Abstract
In recent years, there have been high expectations for RFID technologies applied in the medical field, particularly for automatic identification and location of patients and medical supplies. However, few studies have measured the applicability of currently available RFID technologies in a medical environment. To determine the technical factors that affect the performance of RFID systems, we examined the performance of different types of tags for medications, medical equipment, nurses, and patients under different experimental conditions. Three kinds of passive RFID tags and one active RFID tag were used in our study. Passive tags were affected by materials such as liquid and metal. Tags based on 13.56MHz were most suited for identifying medications. Tag placement was one of the main factors involved in correct identification of nurses, patients, and medical equipment. The results of this study may help decision makers decide whether (which) RFID technologies are useful for tracking clinical workflow.
Introduction
Applications of radio frequency identification (RFID) technologies are getting common in some fields such as the retail industry or transit systems. In recent years, there have also been high expectations for RFID technologies applications in clinical medicine1. Some authors have proposed that matching medication data to the correct patient using RFID technology may help prevent some types of medical errors2,3. Currently used systems, such as those based on bar coding4, cannot passively perform this type of matching, requiring users to point devices to particular places. However, some researchers reported that the implementation of some types of basic Computerized Physician Order Entry (CPOE) systems (which may or may not include barcode systems or RFID systems) may also induce other medical errors due to inappropriate operation5. For example, caregivers may have to select a certain patient in a computer screen before delivering medications, and they have to log in or log out every time, wasting valuable time. These operations may result in medical errors. The expectation is that accurate RFID, which has the function of passive auto-recognition of patients and caregivers, can help solve this problem6.
However, RFID technologies are very sensitive to many factors, such as characteristics of the environment and tagged objects7. To our knowledge, there have been few previous reports based on on-site experiments showing that RFID is suited for usage in a hospital, specifically for medication delivery and mapping nurse practice workflow8. In a clinical environment, there might be particular needs that have few parallels in other fields. Therefore, a study addressing the usability of RFID in a clinical setting is warranted.
In this study, we conducted a feasibility experiment to measure the performance and the most effective placement of RFID tags on patients, healthcare providers, and objects in a hospital environment. The main purpose of the RFID system we studied was to allow seamless monitoring of certain nurse-patient interactions at the bedside, leading to improvements in the workflow that will increase nurse efficiency, which in turn has the potential to enhance patient safety. In our system, RFID tags were attached not only to patients, providers, and major medical equipment such as a medical cart and an IV pole, but also to medications and small medical supplies.

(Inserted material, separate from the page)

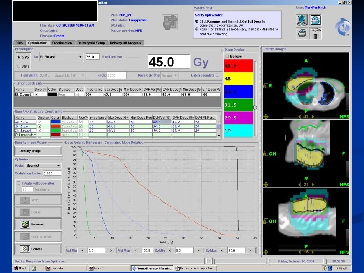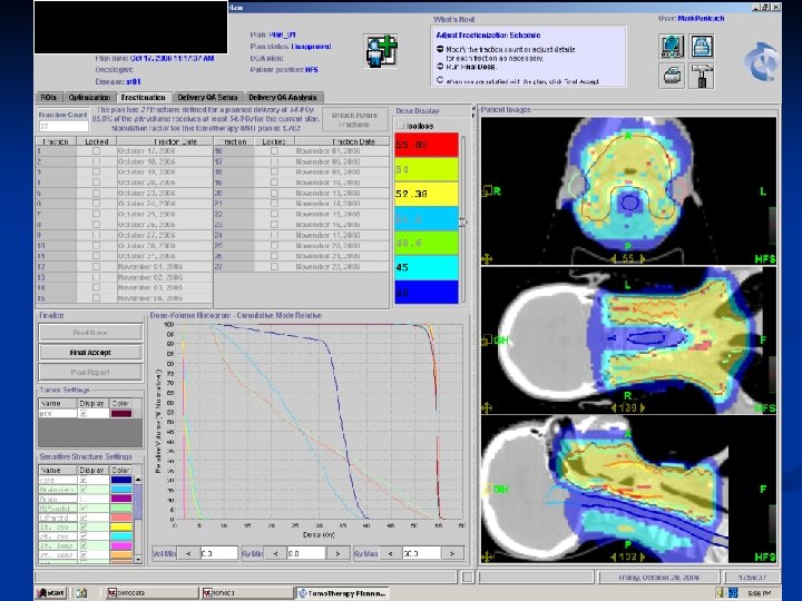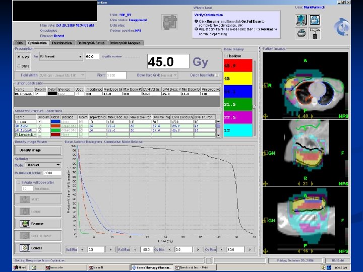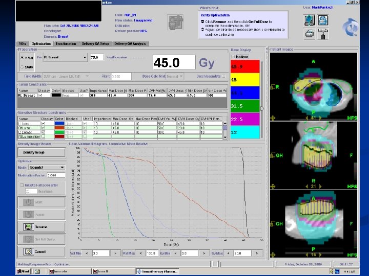 Planning System Single workstation for planning n Cluster of 16 computers, w/ dual processors for computing. n Optimizations done on “beamlets” that can be calculated overnight n Very few contouring tools, need another system for contouring and fusions n No planning review station, system not multitasking n

The system was designed to prevent the misidentification of patients and consequent administration of the wrong medications (including dose and route), or the administration of inappropriate clinical interventions. In the study reported here, we set up an experimental environment based on scenarios of medication-delivery and measured the performance of some components of the RFID system.
Methods
Our system’s purpose was auto-tracking of all RFID data related to clinical interventions. This passive system operation should not add any extra effort in the identification of objects and people. Different types of RFID technology were employed according to different types of clinical scenarios. The purpose of the system was not only to authenticate identification of patients and providers, but also to obtain medication and location data for preventing medical errors and tracking clinical interventions (Figure 1).
Figure 1.
RFID-based system to track clinical interventions at the bedside.

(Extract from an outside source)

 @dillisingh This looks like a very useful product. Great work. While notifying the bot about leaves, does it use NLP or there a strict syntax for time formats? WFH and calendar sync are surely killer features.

In this experiment, we used four kinds of RFID tags whose brief specifications are listed in Table 1: (1) 13.56MHz passive tags, (2) 2.45GHz passive tags, (3) UHF passive tags, and (4) an active tag that could be tuned to our experimental setting. Passive RFID tags are small, thin, cheap, and they require no battery, so they are more commonly used for identifying small objects such as medical supplies or medications. They are powered by an external tag reader.
Table 1.
Passive and active RFID specifications.
| 13.56 MHz | 2.45 GHz | UHF | Active tag | |
|---|---|---|---|---|
| Frequency | 13.56 MHz | 2.45 GHz | 950 MHz | 300 MHz |
| Memory | 32kbyte | 128bit | 528bit | None |
| Size | 20x30mm | 4x40mm | 40x60mm | 23.8x28x6.4mm |
| Power | None | None | None | DC3V coin battery |
| Maximum communication distance | ~60mm | ~250mm | ~3000mm | ~3000mm |
Active tags need a battery and emit signals to a receiver, usually either on a continuous basis or when an embedded accelerometer detects motion. For this experiment, we applied a new active tag technology named Power Tag (from Matrix Inc., Osaka, Japan) 9 that can recognize IDs when the tag is triggered in a specific field. The Power Tag system consists of active tags with battery, a trigger antenna, a trigger generator, and a receiver (Figure 2). When the tag enters a specific area covered by the trigger antenna, the tag ID and the antenna ID signals are transmitted to the receiver. When the tag exits the specified area, the tag stops its transmission, resulting in battery savings. The trigger area can be made basically anywhere and in any formation, by placing an antenna on the floor or on the ceiling. Moreover, the trigger area can be confined or expanded by modifying the antenna radio field strength.
Figure 2.
The Power Tag system. An active RFID tag starts transmitting information when detected by a trigger antenna.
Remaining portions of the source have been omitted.